How to tell if a company is overvalued and avoid being caught by the next share price plummet

by Jonathan Adams
share price plummet

On Tuesday, April 19th 2022, the Netflix share price plummeted by 35.1% wiping $52 billion from the company’s value. Investors holding the shares, from institutional investors like fund managers to small private investors building a nest egg also took a hit.

If you held or hold Netflix shares, hopefully your investments were well enough diversified for the streaming giant’s plunge in value to have stung rather than caused any serious damage to your portfolio. And if you have a long term horizon you might even have faith in Netflix’s powers of recovery.

The content streaming market will continue to grow for the foreseeable future. And Netflix is still the dominant player in television and film streaming, even if it is starting to see its market share eroded by increased competition and the end of Covid-19 pandemic lockdown restrictions.

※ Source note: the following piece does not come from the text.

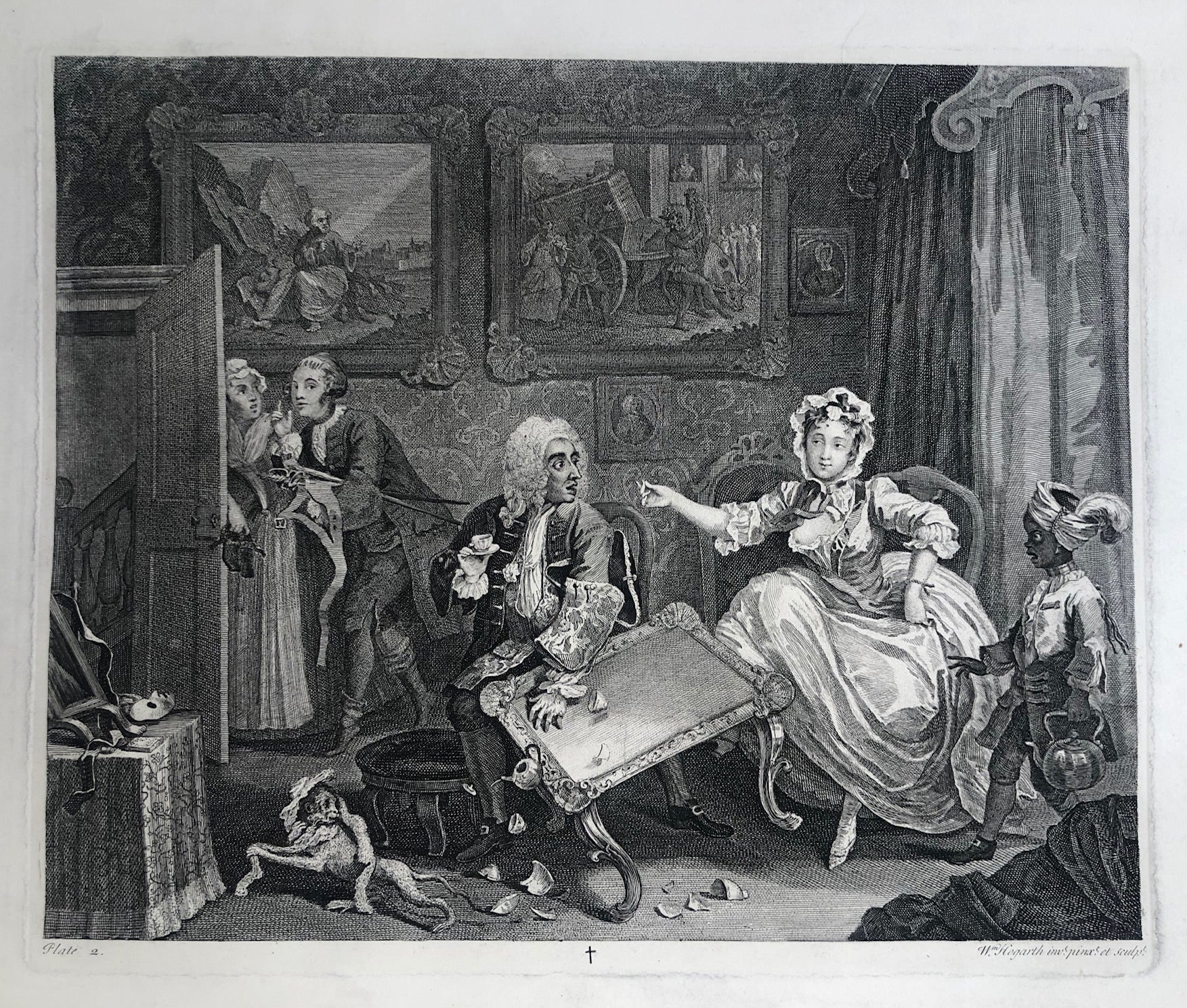 Plate 2 – In the second scene, Moll now lives as the mistress of a wealthy Jewish merchant. She enjoys comfort and luxury, yet her position is unstable. Suddenly, her keeper arrives home and catches her with another lover.

It’s far from inconceivable that Netflix’s value could eventually, probably not within months but given time, recover to the heights it reached last October.

netflix inc

At its peak just six months ago, a single share in Netflix was worth $690.31. As of late April, you can pick one up for $202.66. That’s a fall of nearly 67% and would have been plenty painful for any investors over-exposed to the stock.

Are other companies at risk of their own Netflix Moment?

Hopefully that wasn’t you. But with stock markets and especially growth stocks considered to have a bright future on a tear from the beginning of the Covid-19 sell-off recovery in late March 2020 until the beginning of this year, other stocks could be vulnerable to their own Netflix moment of reckoning.

nasdaq composite

The Nasdaq composite gained 133.41% from its pandemic sell-off low of 6879.52 points to 16057.44 at its high on November 19 2021. Even if we discount the sharp, short-lived low of that sell-off, the Nasdaq would have been 65% up on the new record high it had just set before then by November last year.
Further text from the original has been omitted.